» **Directions for this task**: In the entries that follow, the first line to write out is the one containing "<B>1912<25C> PR64 Cameo", and the last is the one containing "Nu e banc! Câți". Reproduce that stretch exactly, with nothing before or after it.

» **Data shown**:
────────────────
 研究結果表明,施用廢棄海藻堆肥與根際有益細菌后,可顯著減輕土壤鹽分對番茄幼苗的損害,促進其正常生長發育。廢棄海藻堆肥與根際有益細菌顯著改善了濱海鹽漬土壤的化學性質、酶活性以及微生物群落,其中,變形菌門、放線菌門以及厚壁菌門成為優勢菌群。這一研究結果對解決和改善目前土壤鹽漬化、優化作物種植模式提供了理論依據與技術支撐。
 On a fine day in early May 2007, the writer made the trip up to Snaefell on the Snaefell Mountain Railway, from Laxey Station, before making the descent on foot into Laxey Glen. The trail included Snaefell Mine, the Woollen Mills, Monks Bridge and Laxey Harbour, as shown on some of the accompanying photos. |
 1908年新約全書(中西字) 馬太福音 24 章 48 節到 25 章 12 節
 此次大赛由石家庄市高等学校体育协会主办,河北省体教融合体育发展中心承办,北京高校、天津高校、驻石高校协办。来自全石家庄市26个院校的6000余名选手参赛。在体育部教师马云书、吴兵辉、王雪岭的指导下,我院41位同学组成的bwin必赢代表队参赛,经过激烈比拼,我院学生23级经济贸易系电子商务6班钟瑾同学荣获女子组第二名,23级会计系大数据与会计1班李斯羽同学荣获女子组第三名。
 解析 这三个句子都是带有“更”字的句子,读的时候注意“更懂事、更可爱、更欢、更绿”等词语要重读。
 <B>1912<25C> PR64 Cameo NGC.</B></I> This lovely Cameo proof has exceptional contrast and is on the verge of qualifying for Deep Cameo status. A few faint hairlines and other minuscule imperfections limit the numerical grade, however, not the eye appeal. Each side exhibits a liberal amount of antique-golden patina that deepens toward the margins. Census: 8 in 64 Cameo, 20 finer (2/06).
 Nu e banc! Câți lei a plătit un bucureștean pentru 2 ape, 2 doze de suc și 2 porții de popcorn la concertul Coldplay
────────────────
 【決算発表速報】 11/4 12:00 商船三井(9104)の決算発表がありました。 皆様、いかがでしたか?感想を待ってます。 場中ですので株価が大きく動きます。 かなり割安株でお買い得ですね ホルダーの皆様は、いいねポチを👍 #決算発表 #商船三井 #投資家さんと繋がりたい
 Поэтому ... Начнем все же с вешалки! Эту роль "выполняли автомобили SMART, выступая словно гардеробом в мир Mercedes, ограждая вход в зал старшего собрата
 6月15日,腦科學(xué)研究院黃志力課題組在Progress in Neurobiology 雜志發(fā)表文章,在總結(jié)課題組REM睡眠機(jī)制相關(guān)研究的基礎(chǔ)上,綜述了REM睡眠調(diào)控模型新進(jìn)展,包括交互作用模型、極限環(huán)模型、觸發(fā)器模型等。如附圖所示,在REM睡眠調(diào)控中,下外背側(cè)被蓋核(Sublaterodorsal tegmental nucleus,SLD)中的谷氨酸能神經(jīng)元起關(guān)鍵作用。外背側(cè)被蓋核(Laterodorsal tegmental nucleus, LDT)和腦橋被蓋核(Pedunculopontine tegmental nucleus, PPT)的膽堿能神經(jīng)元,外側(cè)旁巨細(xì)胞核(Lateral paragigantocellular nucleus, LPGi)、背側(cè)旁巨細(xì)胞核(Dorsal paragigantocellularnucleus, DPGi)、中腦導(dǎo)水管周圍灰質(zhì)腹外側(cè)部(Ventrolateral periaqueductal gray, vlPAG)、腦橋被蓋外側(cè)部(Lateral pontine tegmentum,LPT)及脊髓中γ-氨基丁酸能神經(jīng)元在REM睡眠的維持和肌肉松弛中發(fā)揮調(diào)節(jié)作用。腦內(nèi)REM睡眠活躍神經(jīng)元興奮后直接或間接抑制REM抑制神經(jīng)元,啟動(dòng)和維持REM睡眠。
────────────────
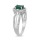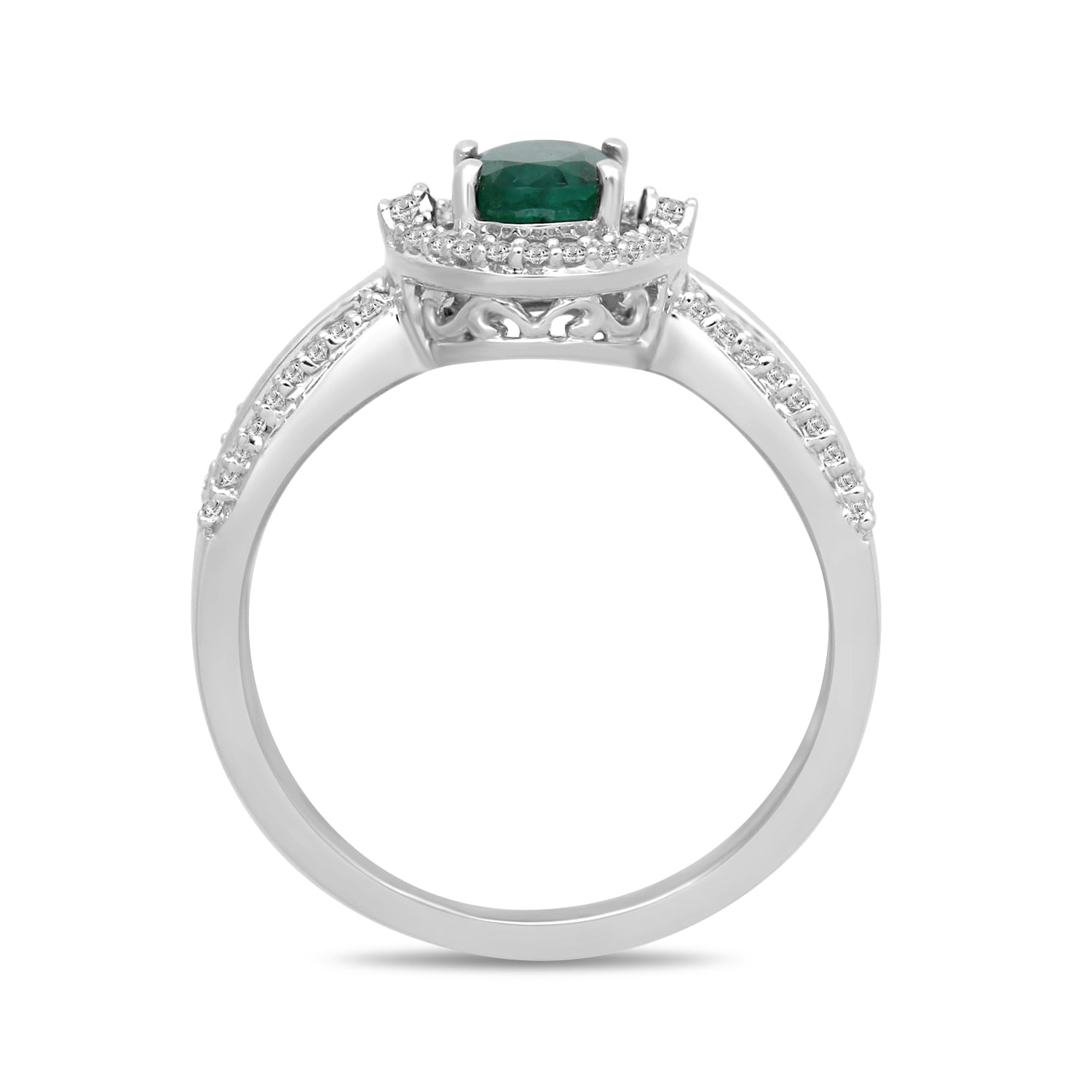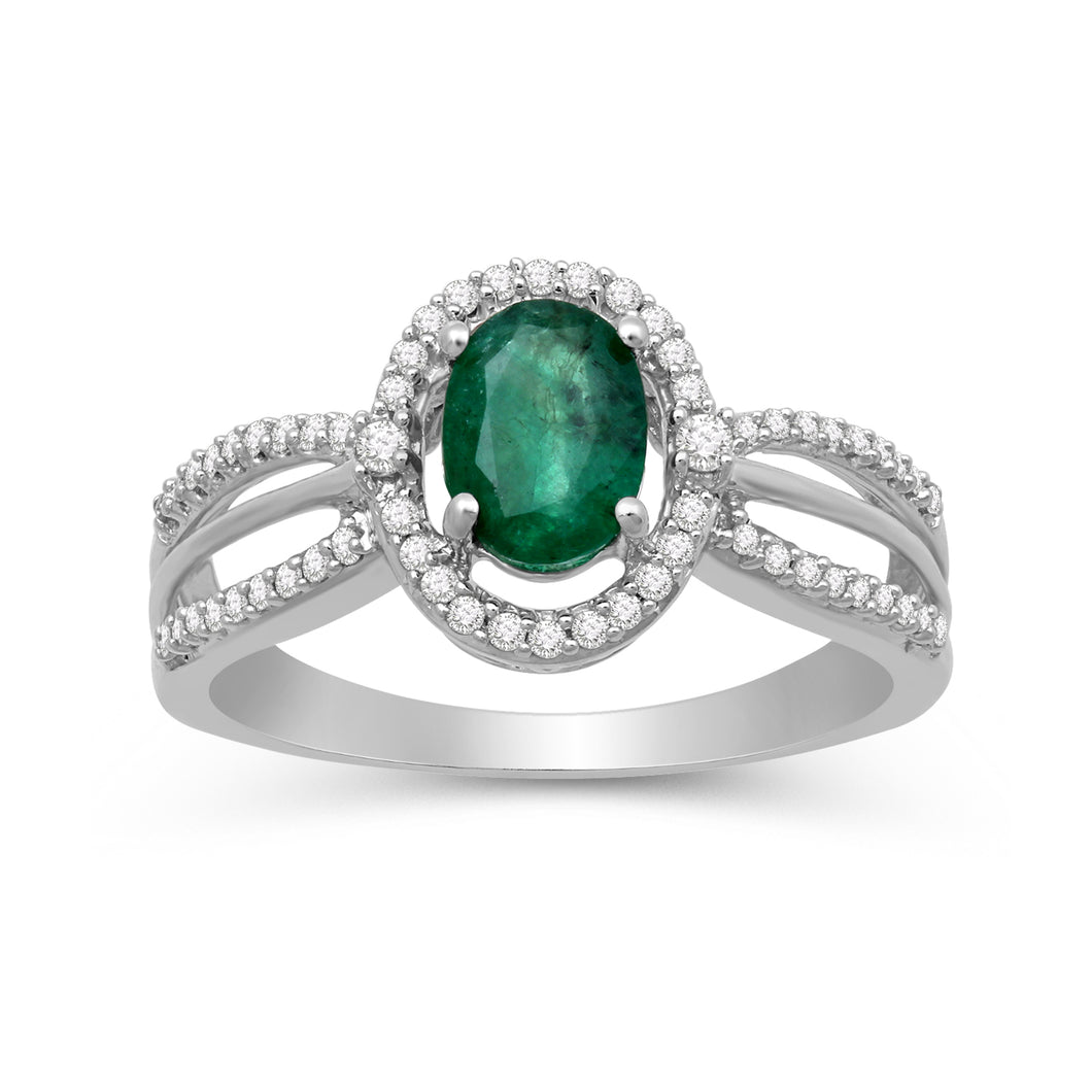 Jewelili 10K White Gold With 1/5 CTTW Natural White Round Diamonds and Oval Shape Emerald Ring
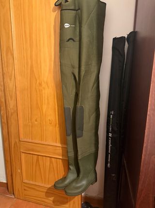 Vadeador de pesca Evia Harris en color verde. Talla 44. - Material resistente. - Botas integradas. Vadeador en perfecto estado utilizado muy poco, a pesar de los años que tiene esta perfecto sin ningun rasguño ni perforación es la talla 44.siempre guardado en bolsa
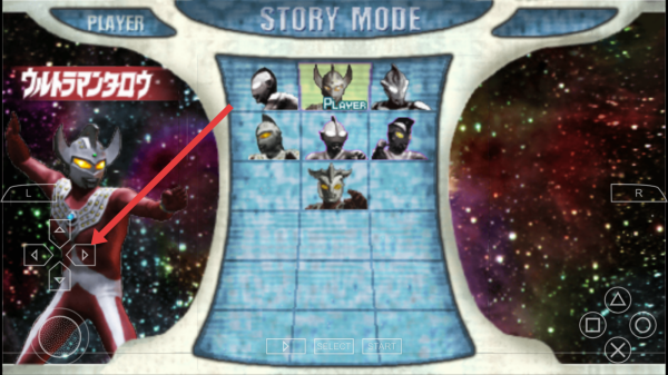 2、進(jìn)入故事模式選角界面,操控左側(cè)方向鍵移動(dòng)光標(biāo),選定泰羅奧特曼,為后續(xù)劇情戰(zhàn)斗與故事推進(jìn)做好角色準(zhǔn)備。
────────────────
» **The answer**:
 <B>1912<25C> PR64 Cameo NGC.</B></I> This lovely Cameo proof has exceptional contrast and is on the verge of qualifying for Deep Cameo status. A few faint hairlines and other minuscule imperfections limit the numerical grade, however, not the eye appeal. Each side exhibits a liberal amount of antique-golden patina that deepens toward the margins. Census: 8 in 64 Cameo, 20 finer (2/06).
 Nu e banc! Câți lei a plătit un bucureștean pentru 2 ape, 2 doze de suc și 2 porții de popcorn la concertul Coldplay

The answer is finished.